Возвращаюсь к продолжению повествования. Порешивши благополучно с хозяйкою дома, где ночевал я первую ночь по прибытии в Устюг, вопрос о квартире, повел меня батюшка в училище. Здесь нам сказали, что детей принимает и экзаменует сам отец ректор дома. А ректором Устюжского д. училища тогда был настоятель Успенского собора магистр С.-Петербургской д. академии протоиерей Тимофей Андреевич Скворцов, из профессоров Вологодской духовной семинарии. Вот и дом отца ректора. Куда же пройти к нему? Парадный вход в него заперт. Да о пути по этому входу мой батюшка не смел и думать. Вошли в кухню, где и было приказано нам подняться из сеней вверх по внутренней лестнице да осторожнее отворять и затворять двери. Вот мы и в передней ректорского дома, где никого не видно и не слышно. Стоим и покашливаем. Спустя некоторое время отворилась дверь из закрытой комнаты (кабинета), откуда и появилась в подряснике духовная особа, среднего роста, худощавая, лет сорока. Это и был отец ректор. Благословив отца и сына, он мягким баритоном поставил вопрос:

- Что? Записывать в училище сына? Читать умеет?

- Да, - последовал робкий ответ моего батюшки.

- А писать?

- Писать не обучен.

- Ну-ка, почитай по-славянски сначала, а потом по-русски, - обратился ко мне отец ректор, подавая мне Евангелие. - Читывал эту книгу?

Я взглянул на оглавление и отвечал "нет".

- Ну, так вот, читай главу сначала.

Я стал читать. Последовало замечание: "Не спеши!". Я продолжал тише.

- Ну, а теперь по-русски то же самое, вот видишь тут рядом.

Прочел я не больше стихов пяти и услышал: "Хорошо, довольно.
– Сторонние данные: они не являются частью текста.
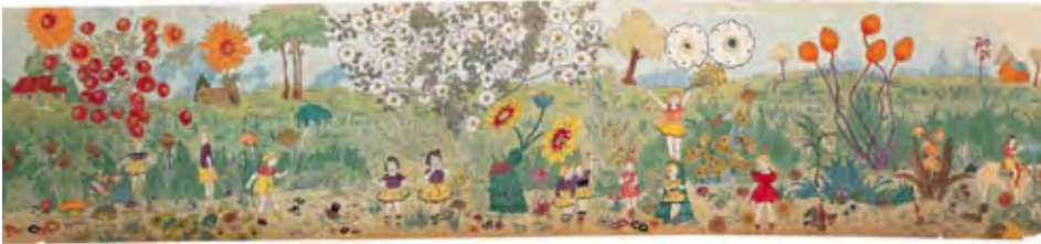
175 AT JENNIE RICHEL. EVERYTHING IS ALLRIGHT THOUGH STORM CONTINUES.
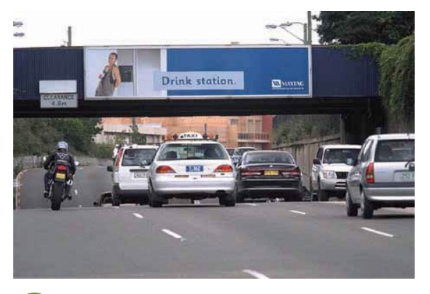
MEETS CRITERA FOR RAIL BRIDGES; IN KEEPING WITH BRIDGE ARCHITECTURE

Принят".

- Давай метрику, - сказал тогда отец ректор батюшке, но метрики у нас не было.

-Ну, пришли по почте, - заметил тогда начальник, назначил день, когда я должен явиться в училище и отпустил с миром, записавши мое имя, фамилию, чей сын и откуда. Оба мы веселые вернулись на свою квартиру, побеседовали с хозяйкой, походили по городу, где все для меня было новое и все меня удивляло, начиная с солдата в кивере, стоящего с ружьем на часах у острога и кончая большими домами, большими храмами и колокольнями, а особенно колоколами, из коих тысячепудовый в соборе казался так-таки чем-то положительно диковинным. На следующий день простился я с моим родителем и остался один восьмилетний ребенок в чужом городе в чужом доме с чужим человеком, который однако же, понимая мое душевное состояние, так бережно и симпатично относился ко мне, что я плакал и тосковал не долго.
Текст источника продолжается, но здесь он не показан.